On silver linings and a love of fate...
When a very awesome sister of adventure told me she thought I would be more proud of my Mewstone swim than my Big Little row (or little big?) I paused to lodge this idea. And I have viewed this lodged thought for a couple of months, but not doing much with it. Yesterday I realised I agreed with her... and even more startling I told a different friend that I was glad I had developed serious hip issues. This is crazy. BUT, breaking myself and rebuilding myself made me realise that I was not a finished article which would go from a peak in my 'glorious' youth to a faded remnant. Learning to not only properly swim for my rehab but to swim wholeheartedly finally showed me of how much more there is we can pick up on this journey. It was this switching on that has fed my self esteem at moments of sadness or dispair, that has emboldened me to reach for all the things that mean something to me. So yes I am prouder of the swim my dear friend, I look forward to sharing this with you soon.
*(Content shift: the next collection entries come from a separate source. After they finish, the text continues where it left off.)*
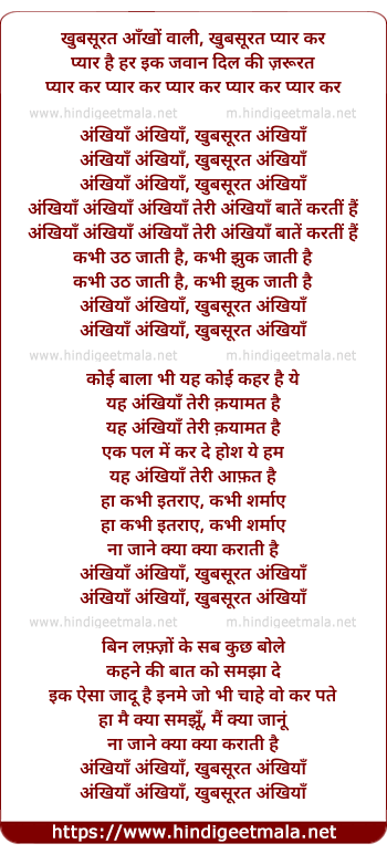 Lyrics of Akhiya Akhiya Khubsurat Akhiya - अंखियाँ अंखियाँ खुबसूरत अंखियाँ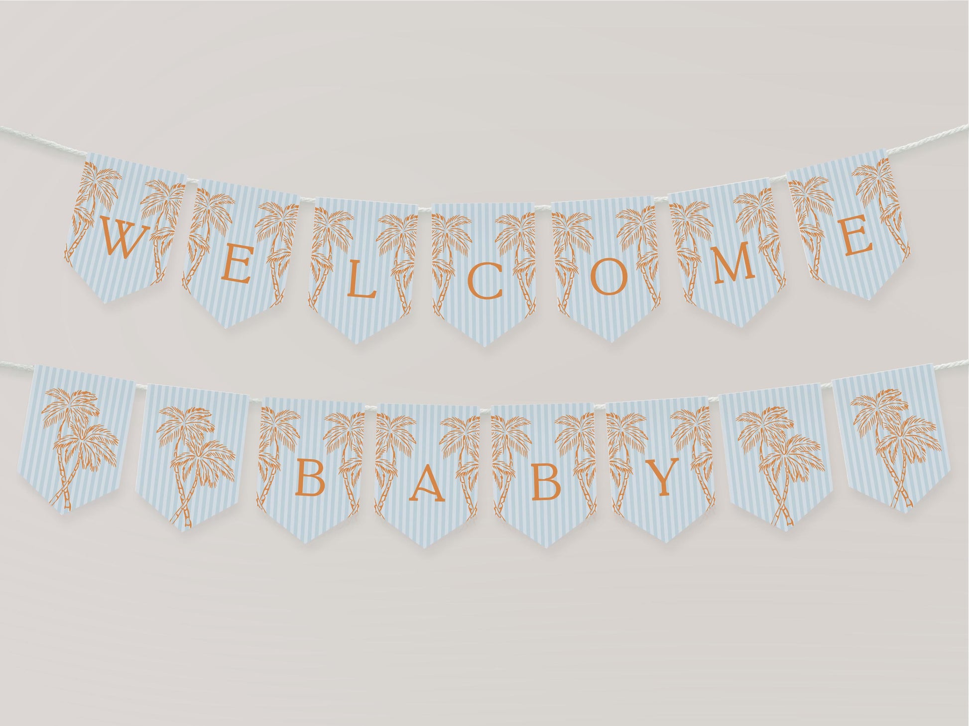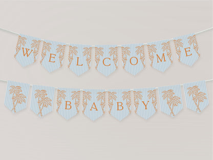 Blue Palm Springs Baby Shower Welcome Sign Template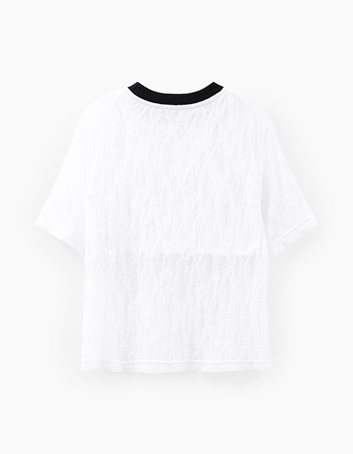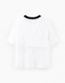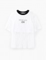 Белый кроп-топ из мягкого хлопка сочетается с лёгкой кружевной футболкой, создавая многослойный, современный образ. Прямой крой делает модель комфортной и актуальной. Авторский цифровой принт добавляет аккуратный акцент и подчёркивает стиль.
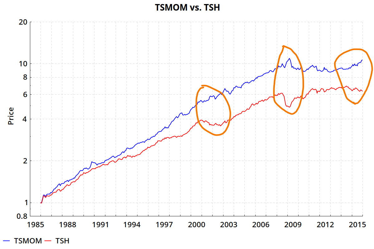 As a first look at TSMOM vs. TSH, here’s a chart of their total returns 1986–2015. Notice the divergence in the circled areas: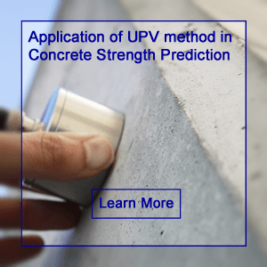 La velocidad de pulso ultrasónico (UPV) es un método eficaz de prueba no destructiva (NDT) para el control de calidad de los materiales de hormigón y la detección de daños en los componentes estructurales. Los métodos UPV se han utilizado tradicionalmente para el control de calidad de materiales, en su mayoría materiales homogéneos como metales y uniones soldadas. Con el reciente avance en la tecnología de transductores, la prueba ha sido ampliamente aceptada para probar materiales de concreto. Las pruebas ultrasónicas del hormigón son una forma eficaz de evaluar la calidad y uniformidad, y estimar la profundidad de las fisuras. El procedimiento de prueba se ha estandarizado como “Método de prueba estándar para la velocidad del pulso a través del concreto”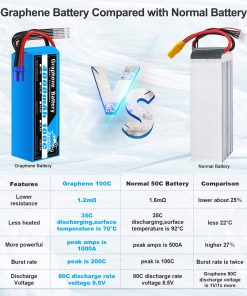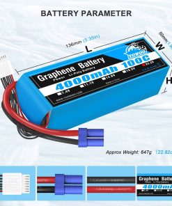 Acerca de la batería de Grafito YOWOO: Emergiendo de la oscuridad está una nueva generación en rendimiento premium. Los packs de baterías de grafeno han establecido el estándar en rendimiento, confiabilidad e innovación. Nueva tecnología de baterías de grafeno, mejor rendimiento que las baterías lipo tradicionales. Las baterías de grafeno YOWOO son sus opciones ideales para el hobby de automóviles RC. Ventajas sobre las baterías lipo tradicionales: Densidad de potencia: 0.15-0.17kw/kg (5Ah-16Ah). Densidad de potencia: 0.13-0.15kw/kg (1Ah-4.9Ah). Voltaje de pack alto estable durante la duración del uso. Alta tasa de descarga, brindando más potencia bajo carga. La impedancia interna puede llegar tan baja como 1.2m en comparación con 1.6m de una Lipo estándar. Mejor control térmico, los packs se mantienen mucho más fríos en condiciones extremas. Mayor capacidad durante descarga pesada. Mantiene mayor capacidad del pack incluso después de cientos de ciclos. Capacidad de carga rápida, hasta 10C en algunas baterías. Vida útil del ciclo más larga (se reporta en exceso de 900 durante pruebas). Especificaciones: Nombre del artículo: Batería Lipo 22.2V 4000mAh 100C 6S Tipo de batería: Batería de grafeno Capacidad: 4000mAh Voltaje: 22.2V Celda: 6S Conector de descarga: EC5 Descarga continua: 100C Dimensiones: 136x42x49.2mm Peso: 659g Cable de silicona: 14awg Cargador sugerido: Cargador de balance Tasa de carga: 1C-10C AVISO: Por favor lea las instrucciones cuidadosamente antes de usar o cargar la batería. No sobrecargues más de 4.2V y no descargues por debajo de 3.7V. Nunca dejes la batería desatendida durante la carga. Utilice solo cargadores profesionales de baterías lipo. Qué obtienes: 1 x Batería de Grafeno 6S RC (con Conector EC5) 1 x Correa para Batería 1 x Hebilla AB 1 x Manual de Usuario
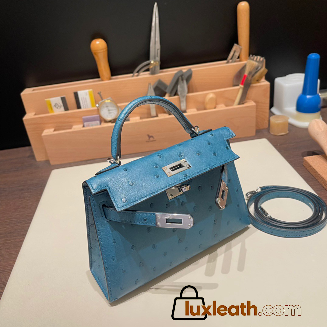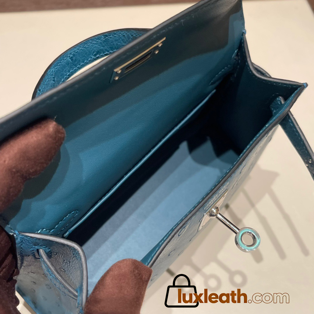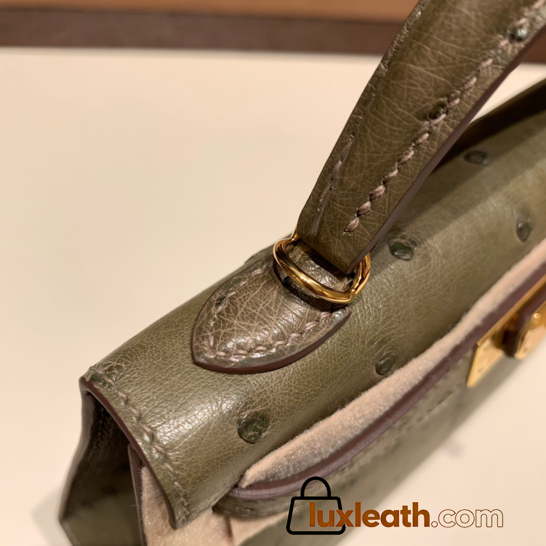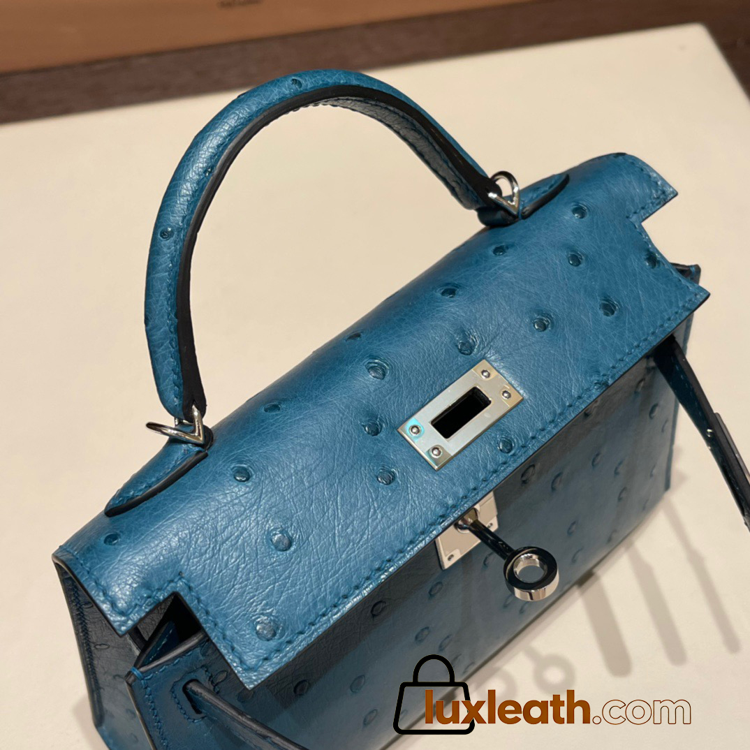 Hermes kelly20 ostrich 19cm W0 /Vert Bosphore Silver Hardware Full Handmade kellymini-023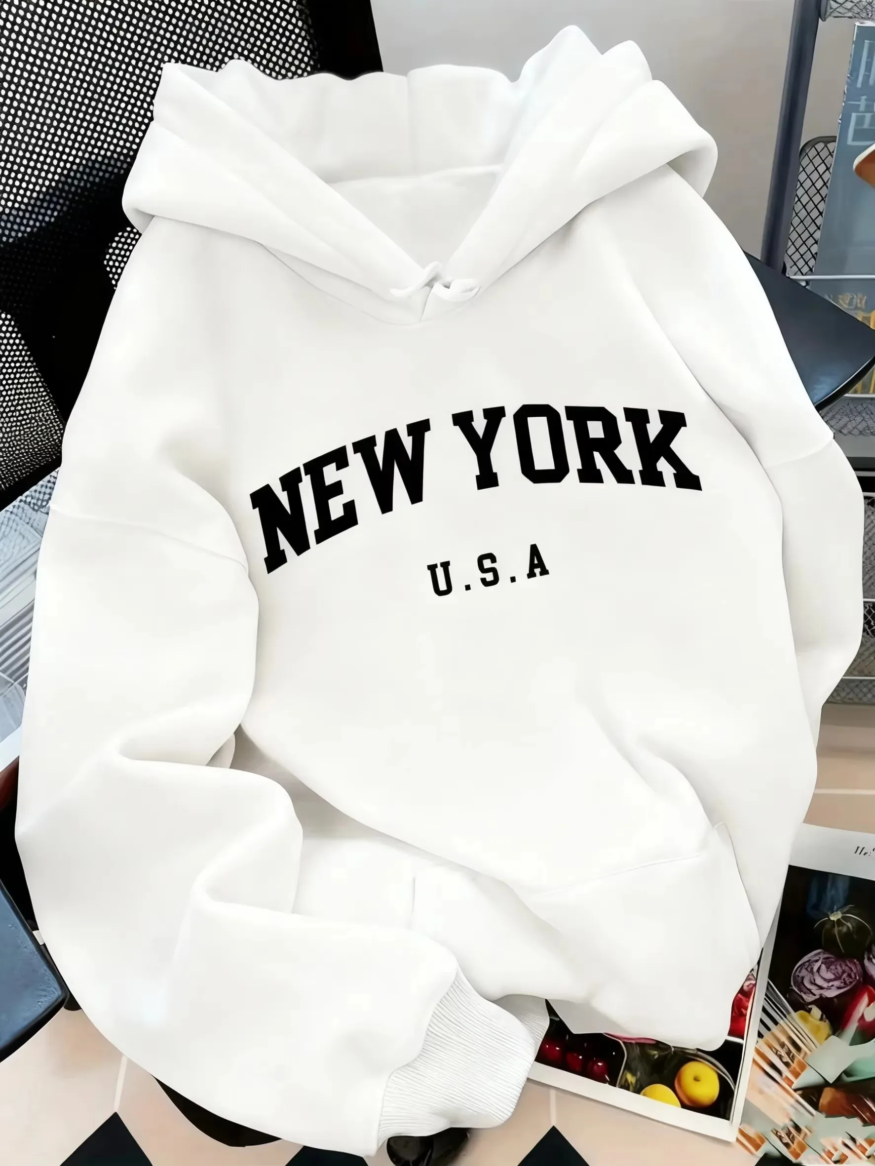 Hooded Sweat for Women Casual Cut NEW YORK USA Lettering Sweater Sweat Casual Fashion HipHop Sweat Harajuku Unisex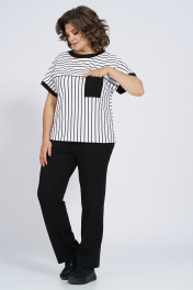 Костюм из трикотажа: футболка и брюки с капюшоном Пинск-Стиль 154 полосатый+черный - фото 1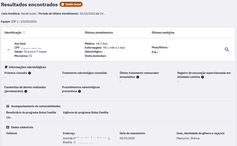 Os cidadãos encontrados serão sinalizados com nome, CPF, endereço, telefone e data do último atendimento. É possível exportar os dados encontrados em CSV bem como imprimi-lo.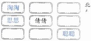 3 倩倩、思思、淘淘和聪聪去电影院看电影。根据描述在图中写出他们的位置。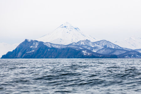 view of Babya bay mountain coast in Pacific ocean on spring day near Petropavlovsk-Kamchatsky city, Kamchatka Krai, Russia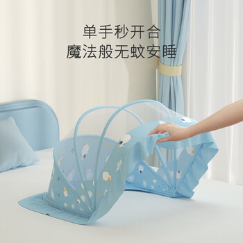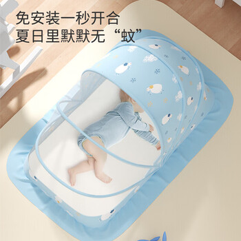 艾薇 婴儿蚊帐 儿童防摔 蒙古包折叠蚊帐 蓝色绵羊 大号【免安装】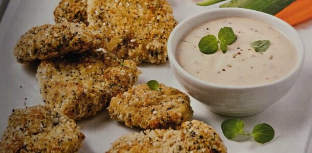 - Préparer trois assiettes creuses. Dans la première, déposer la farine. Dans la deuxième, battre les oeufs. Saler et poivrer. Dans la troisième, mélanger les chapelures avec la poudre d’ail, la poudre d’oignon, les graines de pavot et les graines de sésame.
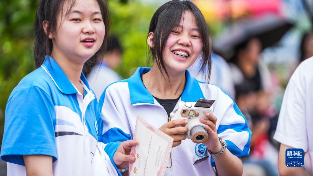 6月9日,烏當中學(xué)高三學(xué)生在校園廣場(chǎng)給同學(xué)們拍照。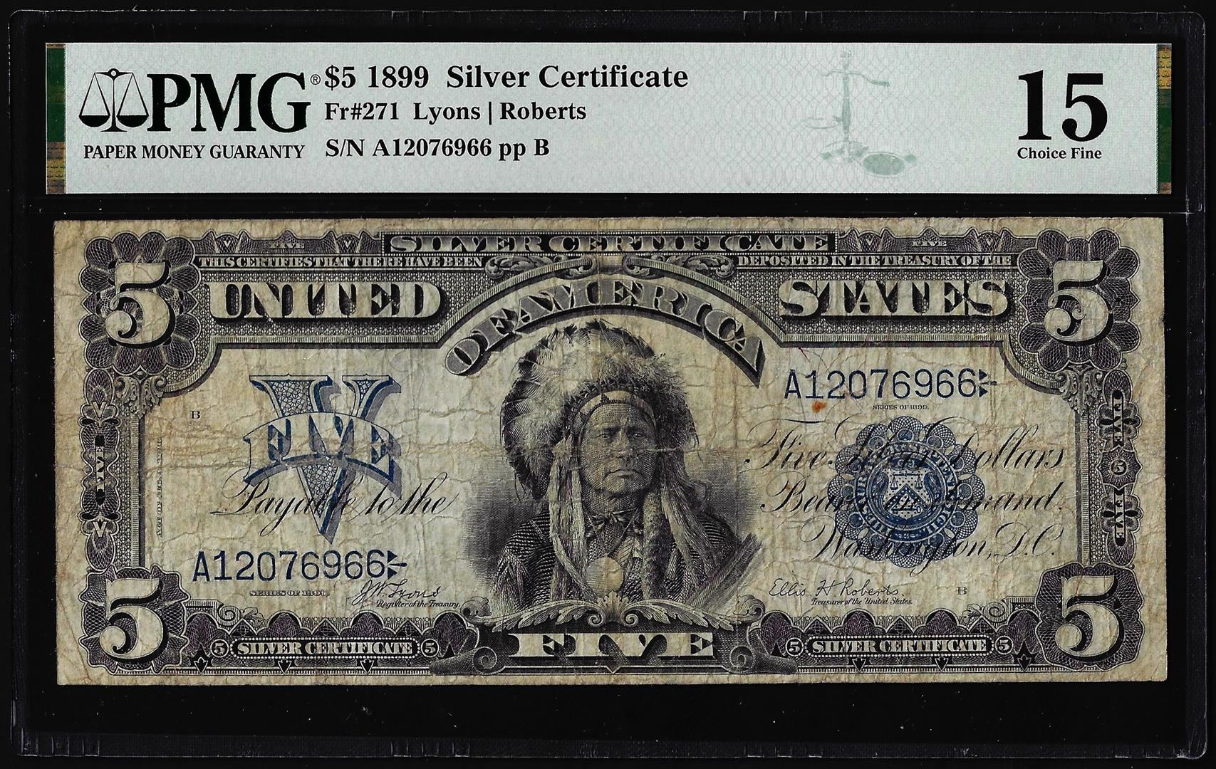 One 1899 $5 Indian Chief Silver Certificate Note Fr.271 PMG Choice Fine 15. PMG Certified.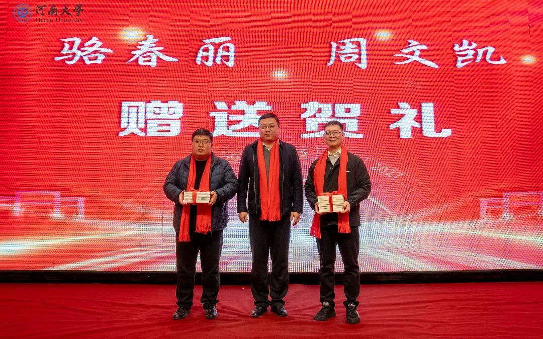 1984级毕业生赵耀荣向母校捐赠个人书画作品。洛阳市慈善艺术家吴大崴为参会人员送上亲笔书写的新春祝福。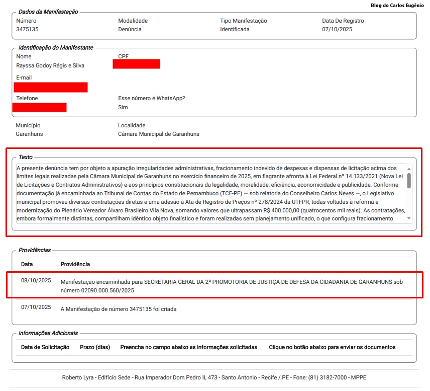 A denúncia de Rayssa Régis também foi direcionada ao Ministério Público, que ainda não se posicionou publicamente sobre o assunto.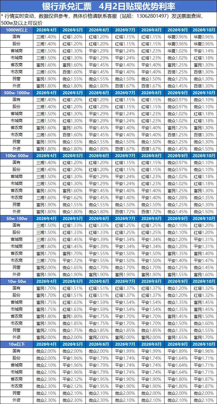 >『中能票据』4月2日票据贴现行情
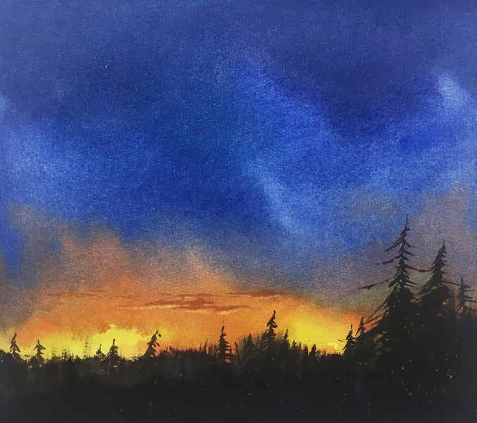水彩风景——夏日的天空色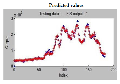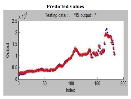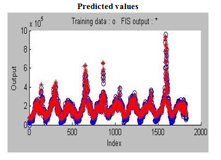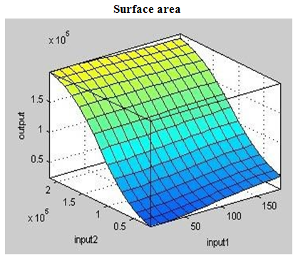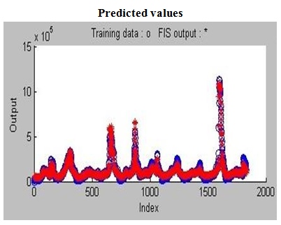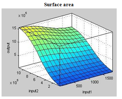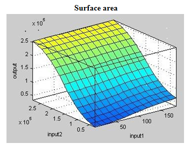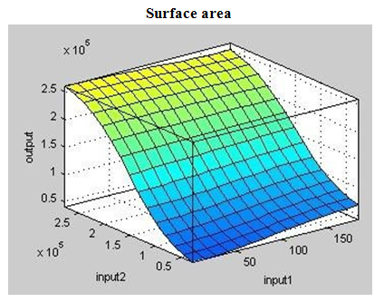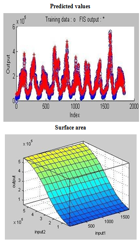 Results of Tarbela dam for daily stream flow prediction for the year 2012 and in years 2002-2011 are presented in Table 2A and 2B respectively for different inputs and different membership functions. Curves in Figure 6A, indicate the predicted values and surface area for Tarbela dam using observed data and applied neuro-fuzzy technique for the year 2012. In the graph above of predicted values in Figure 6A, the output data on y- axis means stream data values in fps and on x-axis index means no. of days i.e. 183 peak days for the year 2012 and also Figure 6B indicates the predicted values and surface area for the years 2002 to 2011. In the graph above of predicted values in Figure 6B, the output data on y- axis means stream data values in fps and on x-axis index means no. of days i.e. 1830 peak days for above mentioned years.

When I fractured my coccyx in February this year on route to both my Mewstone swim and my Cornish row I did not whinge once; I did not complain either outwardly nor inwardly. Honestly I really didn't! It was astonishing, but somehow serenely I viewed it in the same way I had learnt to view my hips. I let it act as a recalibration of my training and imminent challenges. I marvelled at how my stronger frame allowed me take my weight through my upper body. I listened to amazing podcasts and read some truly random books I found lying around. And after day one I experimented with ideas for rapid healing such as no painkillers to allow me to always stay on the safe side of pain, I listened intently to my body as these signals told me what I could and couldn't do, gradually sensing the increase in mobility and reduction of pain. I reassessed what was and wasn't important to me. And naturally disagreed with my husband when he made the assertation that obviously I'd never snowboard again!
Oh what will I be when I grow up? Where will I find myself in 10, 20 or maybe even 50 years time? Or should I go early like my beloved pa I will know I have lived fully all the time.